‘Death sentence’: UNICEF sounds alarm over Yemen child hunger

Shafaq News/ On Tuesday, the United Nations Children’s Fund (UNICEF) said that half of Yemen’s children under five are acutely malnourished, as the country reels from a decade-long conflict and deepening humanitarian crisis.
“One in every two children under the age of five is acutely malnourished,” said Peter Hawkins, UNICEF’s representative in Yemen, during a press briefing in Geneva. “The conflict has reached a tragic stage – it has stolen children’s futures and forced a whole generation to fight to survive.”
Hawkins revealed more than 537,000 children are suffering from severe acute malnutrition, a life-threatening condition, warning that 1.4 million pregnant and breastfeeding women in Yemen are also malnourished. “This is not just a health crisis – it is a death sentence for thousands,” he said. “The effects of this crisis will be felt for decades.”
UNICEF’s humanitarian appeal for Yemen in 2025 has so far received only 25% of its required funding, he added. “Without emergency resources, we will not be able to deliver essential services to meet the growing needs.”
Among those affected is Bothaina, a two-and-a-half-year-old girl from Abyan in southern Yemen. Diagnosed with severe acute malnutrition and stunting, she is significantly shorter and weaker than a healthy child her age.

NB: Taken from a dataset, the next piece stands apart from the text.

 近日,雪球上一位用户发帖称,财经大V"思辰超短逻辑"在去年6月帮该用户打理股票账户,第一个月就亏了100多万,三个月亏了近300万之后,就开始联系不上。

Her 10-month-old sister Bonah suffers from the same condition.
Stunting – when a child’s height-for-age falls more than two standard deviations below World Health Organization standards – is a result of chronic undernutrition, often linked to poverty, poor maternal health, and inadequate feeding in early life.

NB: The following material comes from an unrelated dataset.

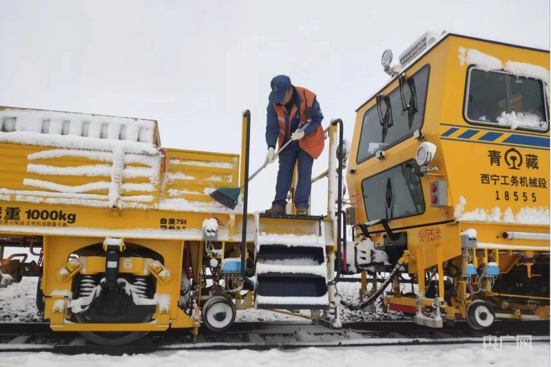 昆侖山上,氣溫驟降,多處施工現(xiàn)場被大雪覆蓋,一片白雪皚皚。為確保施工順利進行,近日,西寧工務(wù)機械段維修三車間的職工們開啟了對青藏鐵路格拉線望昆——昆侖山區(qū)間大機搗固施工作業(yè)。西寧工務(wù)機械段維修三車間主任王海峰在施工作業(yè)前,帶領(lǐng)車間職工清理積雪,同時對低溫狀態(tài)易發(fā)生故障的作業(yè)裝置進行針對性保養(yǎng)。“注意腳下積雪濕滑,扶穩(wěn)抓牢,保證自身人身安全?!避囬g副主任張小波提醒說。

The first 1,000 days of a child’s life — from conception to their second birthday — are critical for physical growth and brain development. “For Bothaina, that crucial window was marked by scarcity,” said her 19-year-old mother, Mariam.
Mariam, who married at 16, lives in a cramped home shared with her in-laws. Her husband’s occasional income from motorcycle driving barely covers food. “We just try to keep them fed,” she said.
Now in its tenth year of war, Yemen has witnessed one of the world’s worst humanitarian crises. Over 80% of the population requires humanitarian aid, and millions are on the brink of famine. A fragile truce since April 2022 has reduced large-scale fighting, but conditions remain dire across the country.